■ **Provided material**
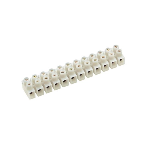 Strip of 12 terminal blocks, manufactured of polyamide (nylon), with a maximum operating temperature of 105 C (Degrees Celsius).
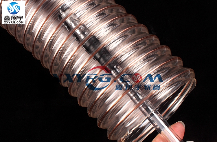 pu通風吸塵鋼絲軟管具有較強的耐磨特性,輕型,具有一定的伸縮性和壓縮比,可(kě)排靜電,可定做阻燃型、食品級軟管
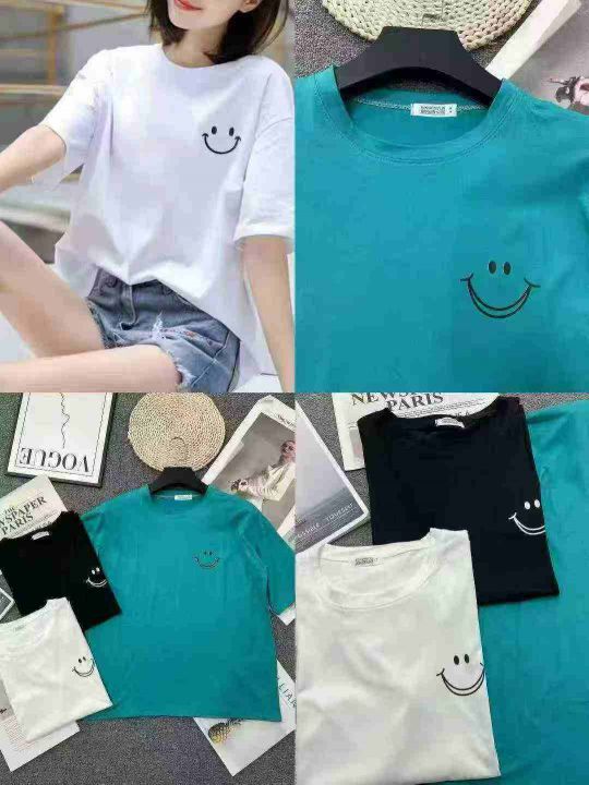 ☕️刺绣笑脸,整款短袖T恤500件全清5.8 分货6.8 码数S到XL ,高弹力宽松版,独立包装 ,工艺T恤女夏季宽松圆领短袖上衣新款体恤
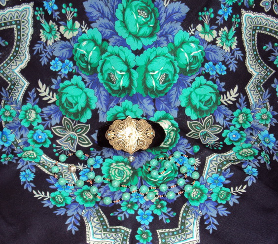 Зарина, спасибо! Всегда приятно видеть ваши новые сообщения. Скань так замечательно сочетается с рисунком платка и с бирюзой. А бусы гармонируют со всем комплектом.

■ **Task prompt**
Write the material out again exactly. Skip each picture.

■ **Response box**
 Strip of 12 terminal blocks, manufactured of polyamide (nylon), with a maximum operating temperature of 105 C (Degrees Celsius).
 pu通風吸塵鋼絲軟管具有較強的耐磨特性,輕型,具有一定的伸縮性和壓縮比,可(kě)排靜電,可定做阻燃型、食品級軟管
 ☕️刺绣笑脸,整款短袖T恤500件全清5.8 分货6.8 码数S到XL ,高弹力宽松版,独立包装 ,工艺T恤女夏季宽松圆领短袖上衣新款体恤
 Зарина, спасибо! Всегда приятно видеть ваши новые сообщения. Скань так замечательно сочетается с рисунком платка и с бирюзой. А бусы гармонируют со всем комплектом.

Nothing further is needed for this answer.